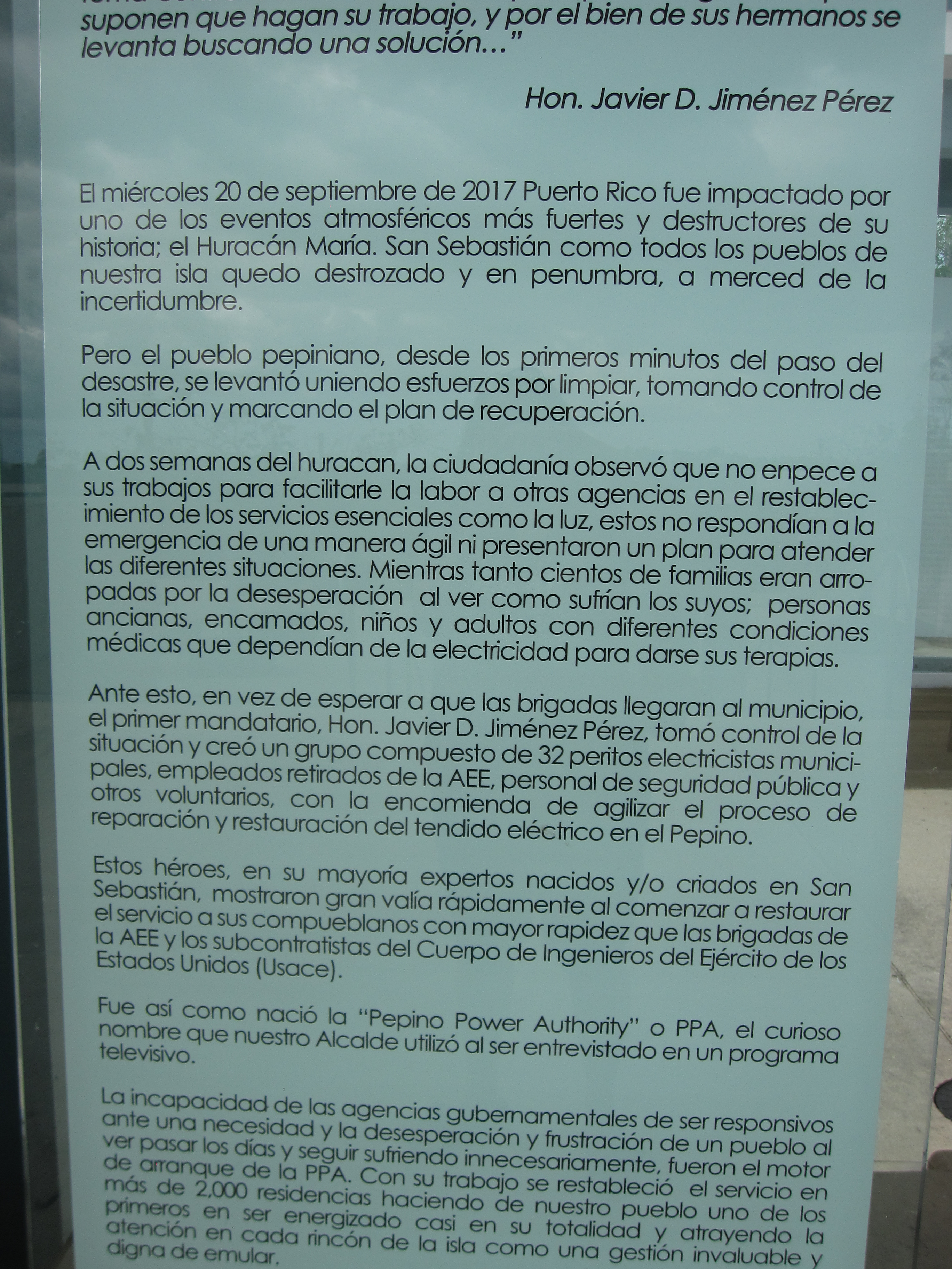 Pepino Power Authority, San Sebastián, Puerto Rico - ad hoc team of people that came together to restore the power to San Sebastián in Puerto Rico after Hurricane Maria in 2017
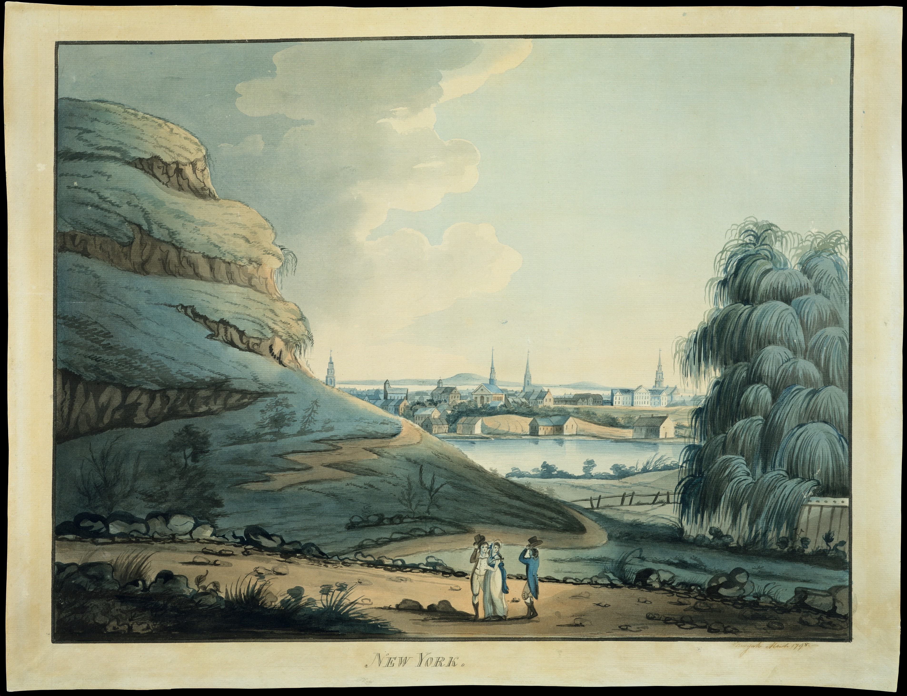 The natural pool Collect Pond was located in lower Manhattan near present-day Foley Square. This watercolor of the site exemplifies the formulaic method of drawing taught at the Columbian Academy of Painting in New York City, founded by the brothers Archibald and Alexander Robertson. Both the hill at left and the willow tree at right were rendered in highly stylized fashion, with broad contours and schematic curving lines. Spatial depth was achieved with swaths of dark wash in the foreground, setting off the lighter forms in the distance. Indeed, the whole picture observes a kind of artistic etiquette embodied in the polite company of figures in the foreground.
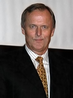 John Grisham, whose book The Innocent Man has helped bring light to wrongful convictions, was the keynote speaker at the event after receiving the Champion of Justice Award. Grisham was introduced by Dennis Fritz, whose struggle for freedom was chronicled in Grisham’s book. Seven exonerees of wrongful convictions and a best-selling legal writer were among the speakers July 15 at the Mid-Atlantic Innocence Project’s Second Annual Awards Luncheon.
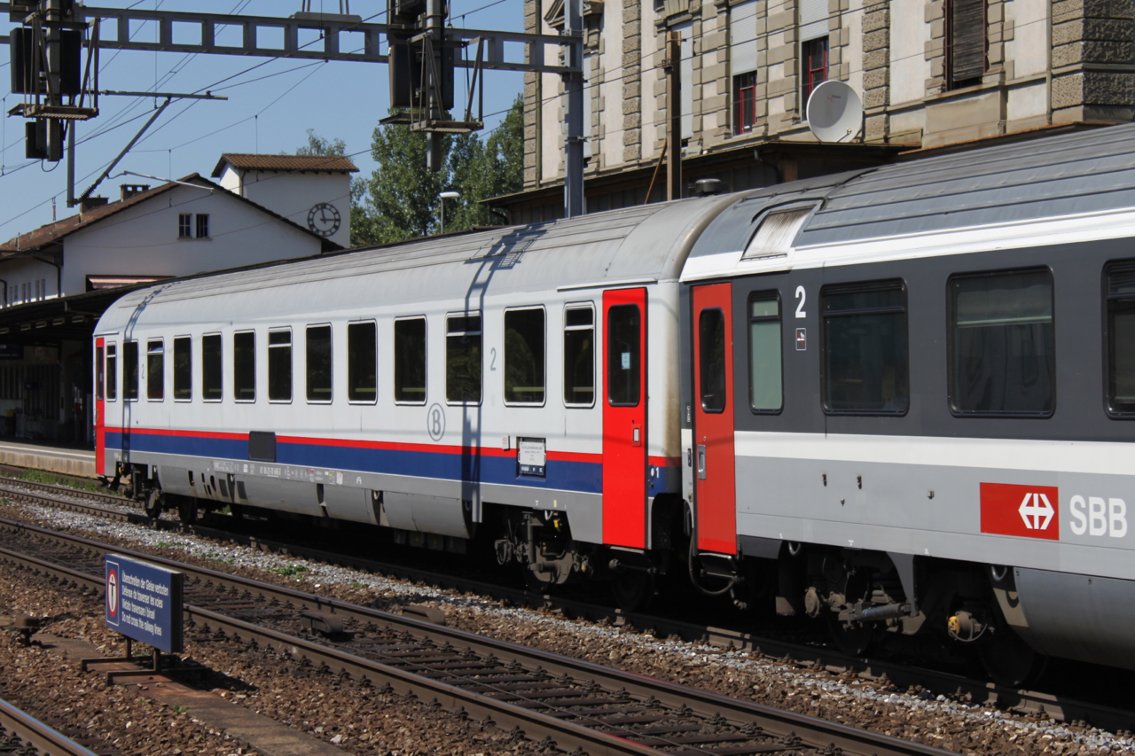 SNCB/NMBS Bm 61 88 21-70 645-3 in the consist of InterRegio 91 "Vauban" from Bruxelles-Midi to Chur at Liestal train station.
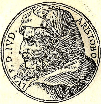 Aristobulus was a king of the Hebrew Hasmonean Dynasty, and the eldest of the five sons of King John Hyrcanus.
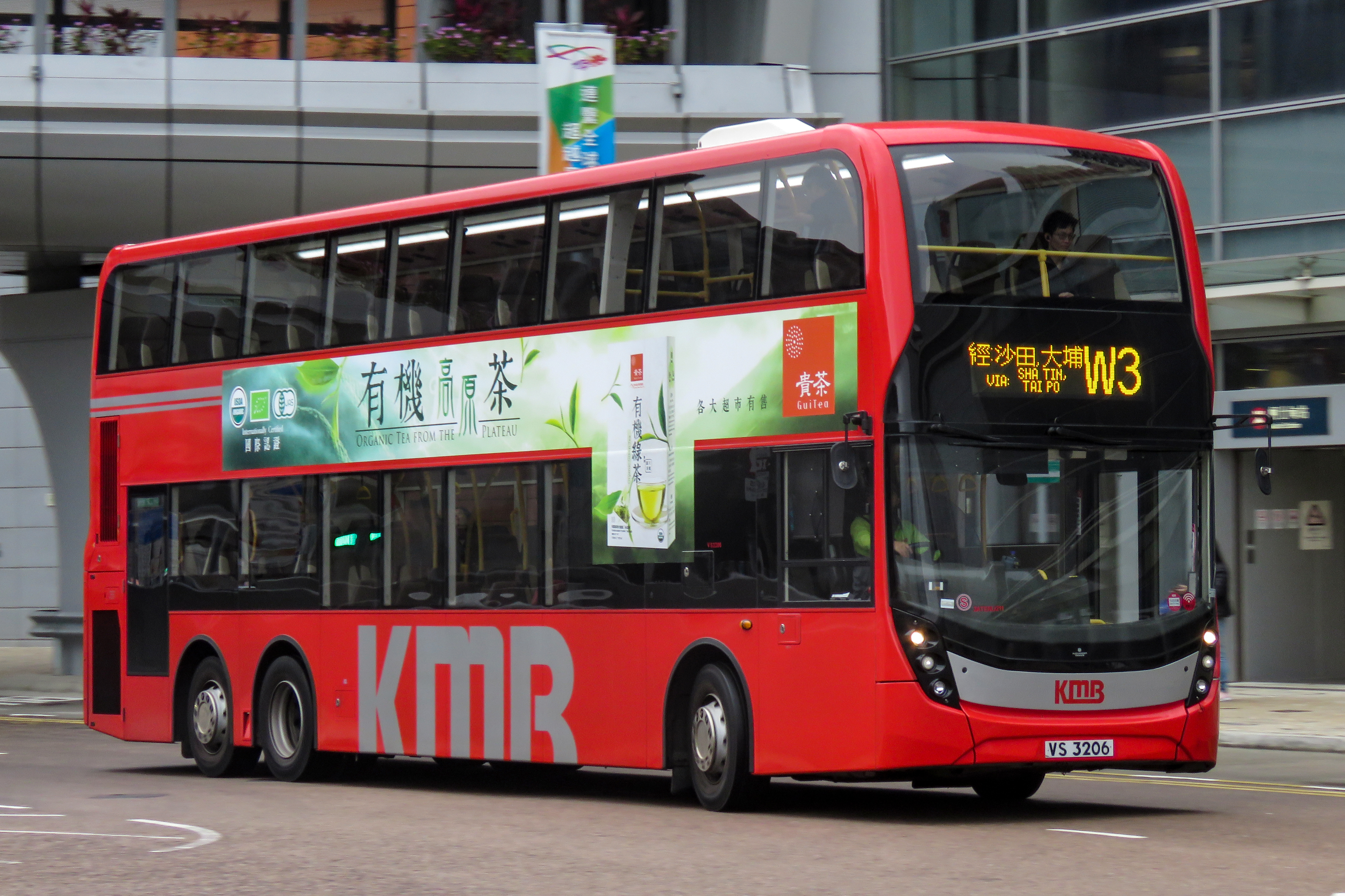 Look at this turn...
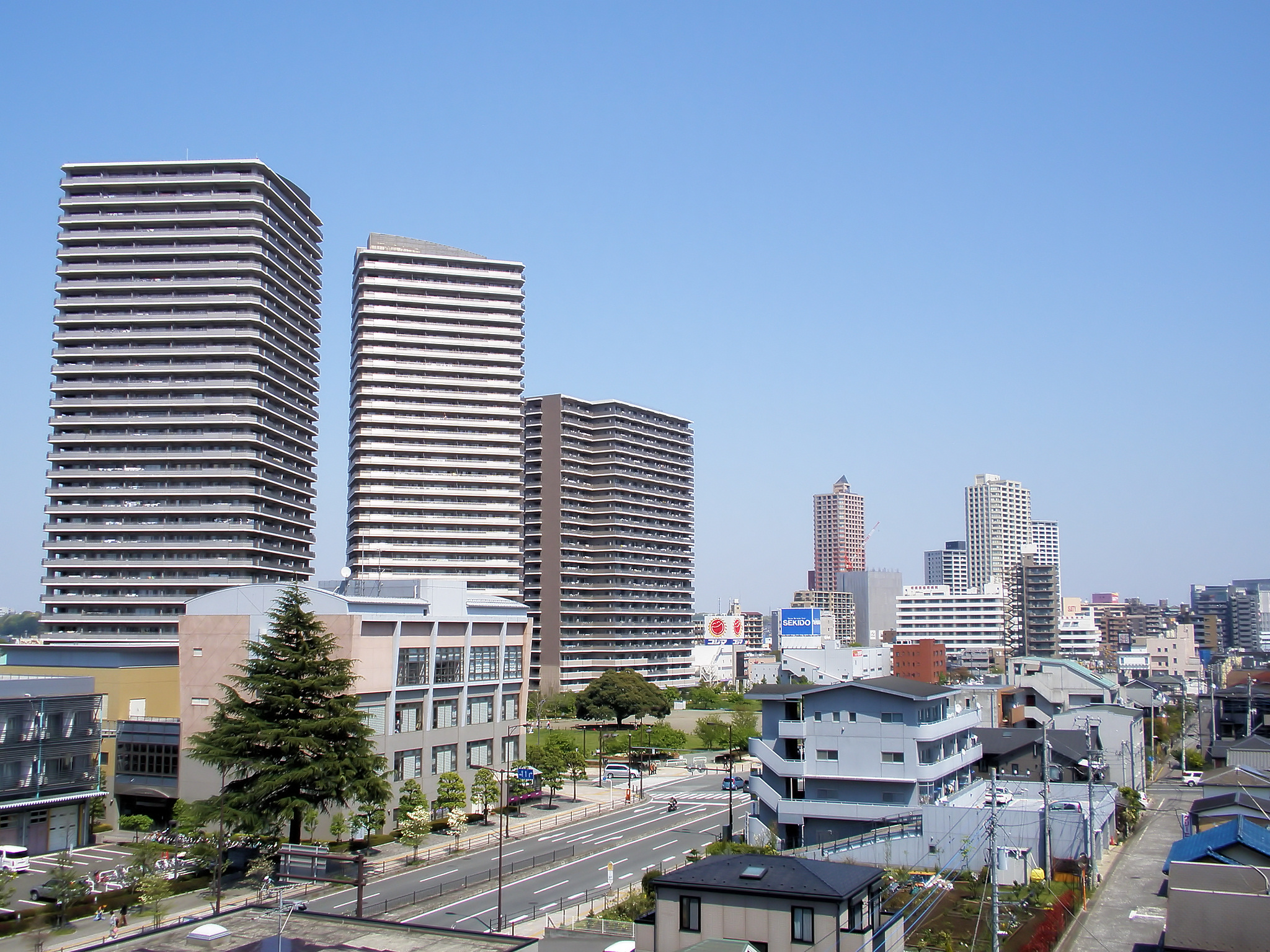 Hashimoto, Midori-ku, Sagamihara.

________________

### Goal of the exercise
Would you please print only the lines running from the one with "The natural pool" to the final line of the entries above, exactly as written and without pictures?

### Answer space
 The natural pool Collect Pond was located in lower Manhattan near present-day Foley Square. This watercolor of the site exemplifies the formulaic method of drawing taught at the Columbian Academy of Painting in New York City, founded by the brothers Archibald and Alexander Robertson. Both the hill at left and the willow tree at right were rendered in highly stylized fashion, with broad contours and schematic curving lines. Spatial depth was achieved with swaths of dark wash in the foreground, setting off the lighter forms in the distance. Indeed, the whole picture observes a kind of artistic etiquette embodied in the polite company of figures in the foreground.
 John Grisham, whose book The Innocent Man has helped bring light to wrongful convictions, was the keynote speaker at the event after receiving the Champion of Justice Award. Grisham was introduced by Dennis Fritz, whose struggle for freedom was chronicled in Grisham’s book. Seven exonerees of wrongful convictions and a best-selling legal writer were among the speakers July 15 at the Mid-Atlantic Innocence Project’s Second Annual Awards Luncheon.
 SNCB/NMBS Bm 61 88 21-70 645-3 in the consist of InterRegio 91 "Vauban" from Bruxelles-Midi to Chur at Liestal train station.
 Aristobulus was a king of the Hebrew Hasmonean Dynasty, and the eldest of the five sons of King John Hyrcanus.
 Look at this turn...
 Hashimoto, Midori-ku, Sagamihara.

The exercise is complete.